> Work order: Output the line containing "There is a new" and each line after it through the end of the data, exactly as written, with pictures left out.

> Material provided:
_ _ _ _ _

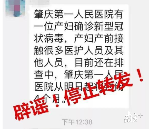 “肇慶第一人民醫(yī)院有孕婦確診,產(chǎn)前接觸很多醫(yī)護人員。現(xiàn)在要隔離183人,封閉醫(yī)院四個月。”近日,肇慶的微信群中,這條謠言瘋傳,引發(fā)市民恐慌,不敢去醫(yī)院就醫(yī)。
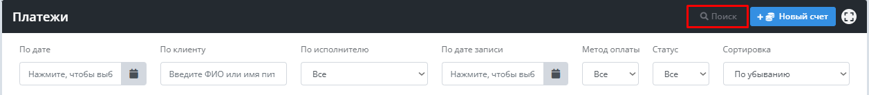 Нажмите на кнопку «Поиск», она откроет фильтр.
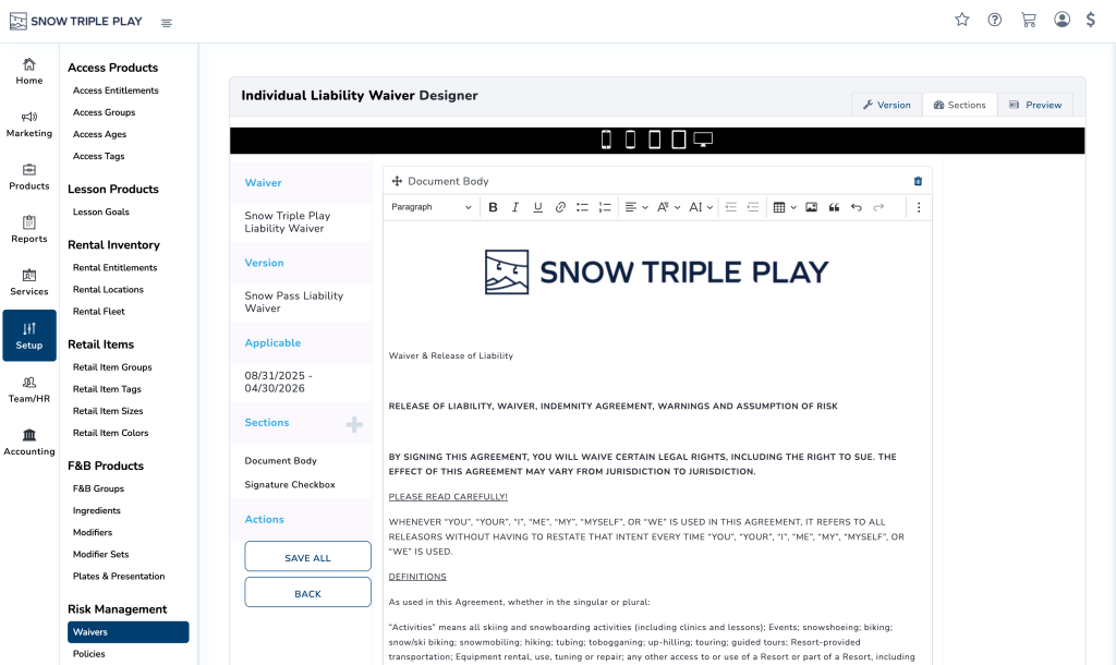 There is a new option to add images to waivers using the waiver editor in Risk Management Setup.
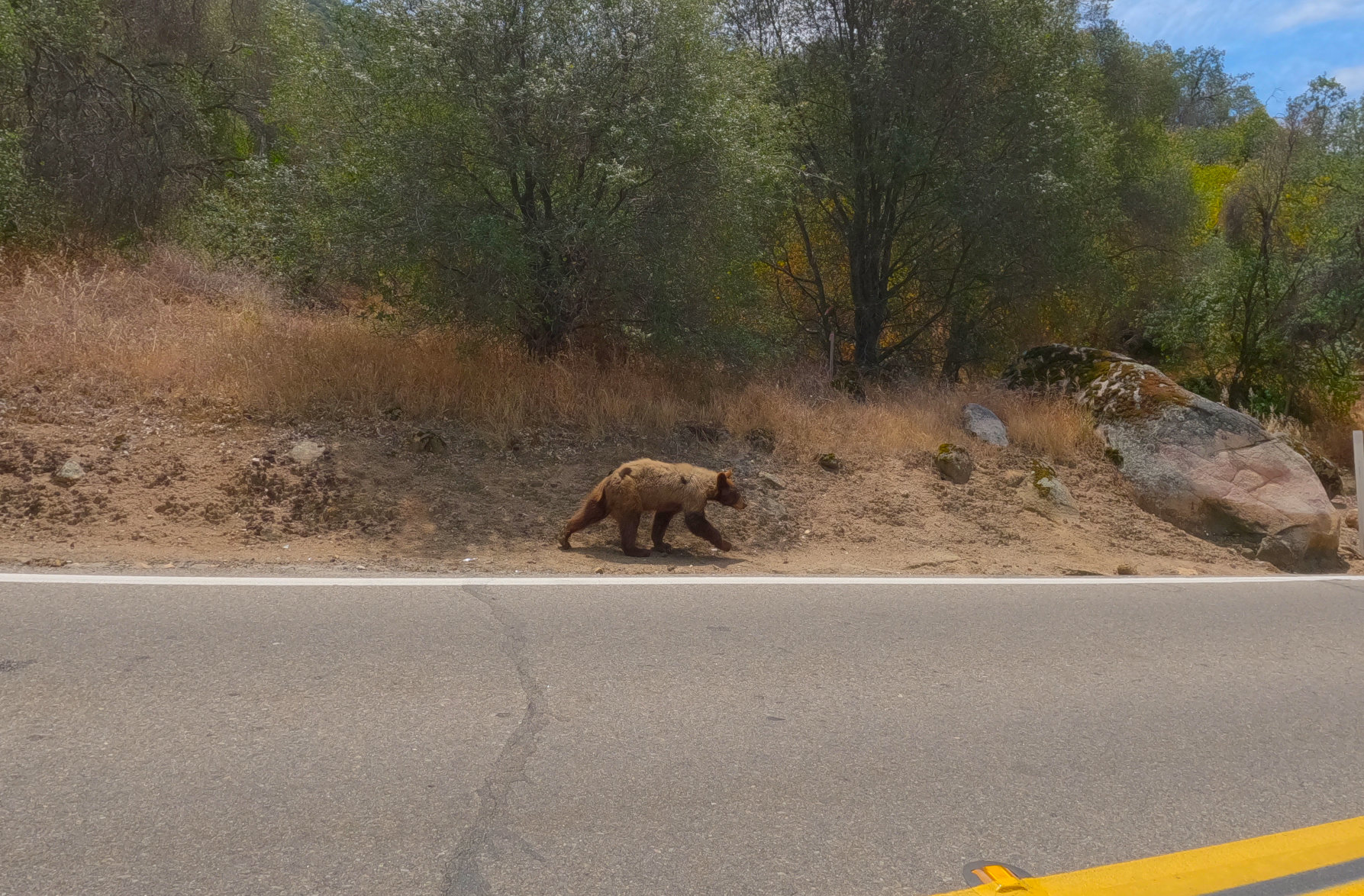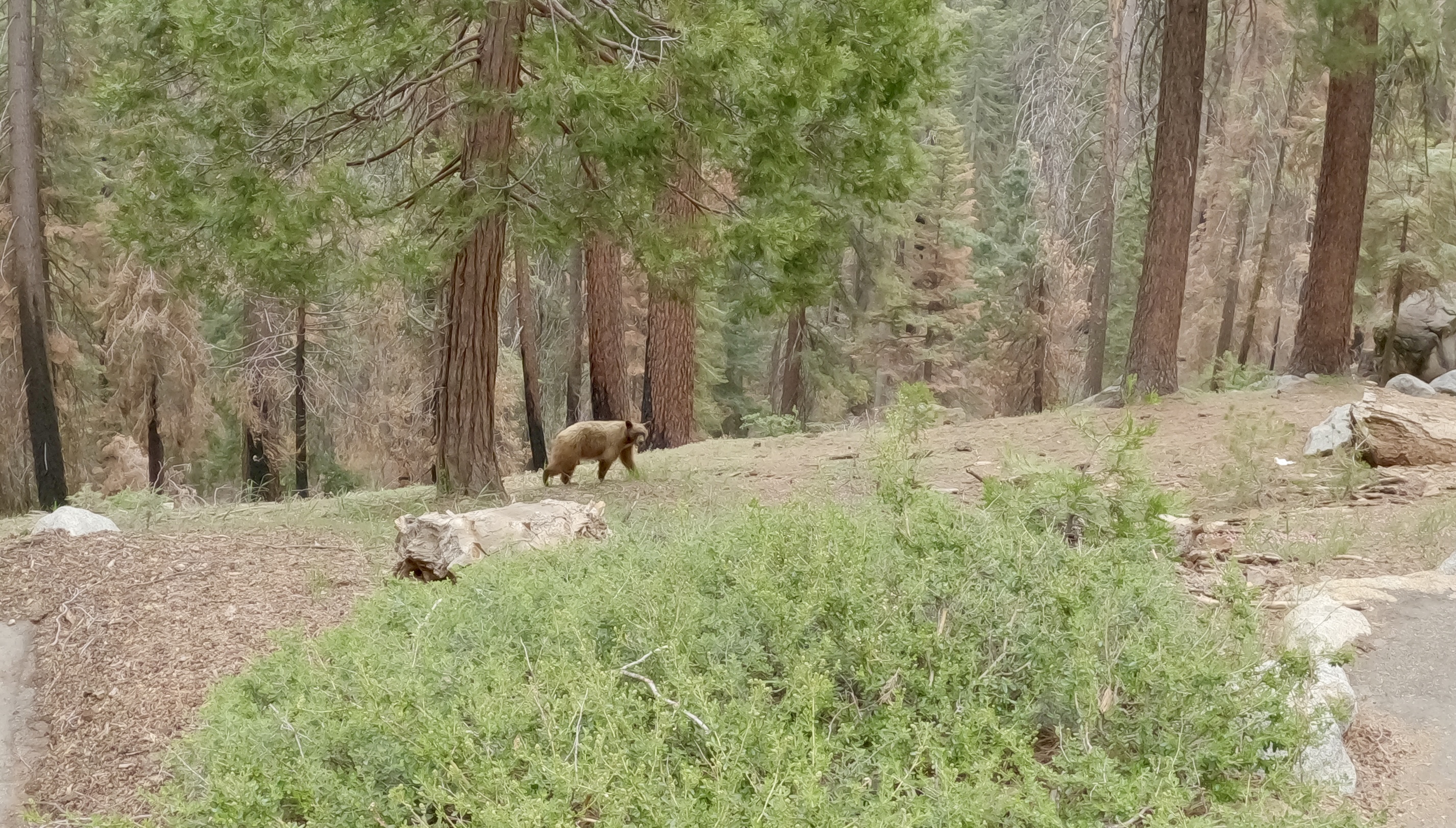 So we didn’t get to see the mighty General Sherman tree or do the other things we had planned in those parks, but we did get to marvel at some really big Sequoias, appreciate the majesty of the Sierra Nevadas and finally see some bears in the wild. We were satisfied.

_ _ _ _ _

> Exercise result:
 There is a new option to add images to waivers using the waiver editor in Risk Management Setup.
 So we didn’t get to see the mighty General Sherman tree or do the other things we had planned in those parks, but we did get to marvel at some really big Sequoias, appreciate the majesty of the Sierra Nevadas and finally see some bears in the wild. We were satisfied.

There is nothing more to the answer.